Hello,
I think I encountered a bug when evaluating Google Cloud BigTable Sink Connector in a docker compose setup based on cp-all-in-one/cp-all-in-one-community/docker-compose.yml at dd2eb847f183e65b6a1cca4045649ba0d48cf51d · confluentinc/cp-all-in-one · GitHub.

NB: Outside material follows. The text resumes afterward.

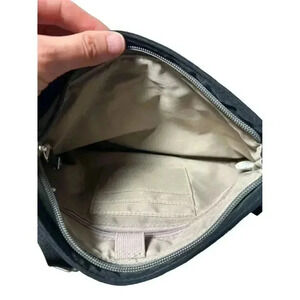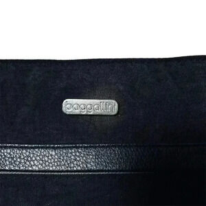 Crafted from durable nylon and leather, this Baggallini bag is the epitome of functional elegance. The sleek black exterior is complemented by a front zippered pocket and an adjustable strap, ensuring both style and comfort. Designed for unisex adults, its water-resistant material and lightweight design make it perfect for daily adventures. Inside, multiple compartments keep your essentials organized and secure with a reliable zipper closure. This pre-owned bag is in excellent condition and is ready to accompany you on your next journey.

In keys, the byte array fields are serialized improperly when serialized as a field of a Struct. From my looking at Kafka Connect source code, it looks like a too optimistic call of Struct#toString()
.
Connector config:
{
"name": "confluent_nothing",
"config": {
"connector.class": "io.confluent.connect.gcp.bigtable.BigtableSinkConnector",
"row.key.definition": "",
"table.name.format": "kafka_nothing",
"confluent.topic.bootstrap.servers": "kafka:29092",
"gcp.bigtable.credentials.path": "/gcp_key.json",
"tasks.max": "1",
"topics": "topic_confluent_nothing",
"gcp.bigtable.project.id": "unoperate-test",
"confluent.license": "",
"row.key.delimiter": "#",
"confluent.topic.replication.factor": "1",
"name": "confluent_nothing",
"gcp.bigtable.instance.id": "prawilny-dataflow",
"auto.create.tables": "true",
"auto.create.column.families": "true",
"insert.mode": "upsert"
},
"tasks": [
{
"connector": "confluent_nothing",
"task": 0
}
],
"type": "sink"
}
Key and value converters are org.apache.kafka.connect.json.JsonConverter
with schema enabled.
Key:
{
"schema": {
"type": "struct",
"fields": [
{
"type": "struct",
"fields": [
{
"type": "bytes",
"optional": false,
"field": "b"
}
],
"optional": false,
"field": "a"
}
],
"optional": false,
"name": "record"
},
"payload": {
"a": {
"b": "eEQK"
}
}
}
Value:
{
"schema": {
"type": "int64",
"optional": false,
"name": "record"
},
"payload": 1
}
cbt read
output:
----------------------------------------
Struct{b=[B@7c0d7049}
topic_confluent_nothing:KAFKA_VALUE @ 2025/01/17-16:17:14.768000
"\x00\x00\x00\x00\x00\x00\x00\x01"
I can provide a reproducer in form of docker-compose.yml
and related scripts if needed.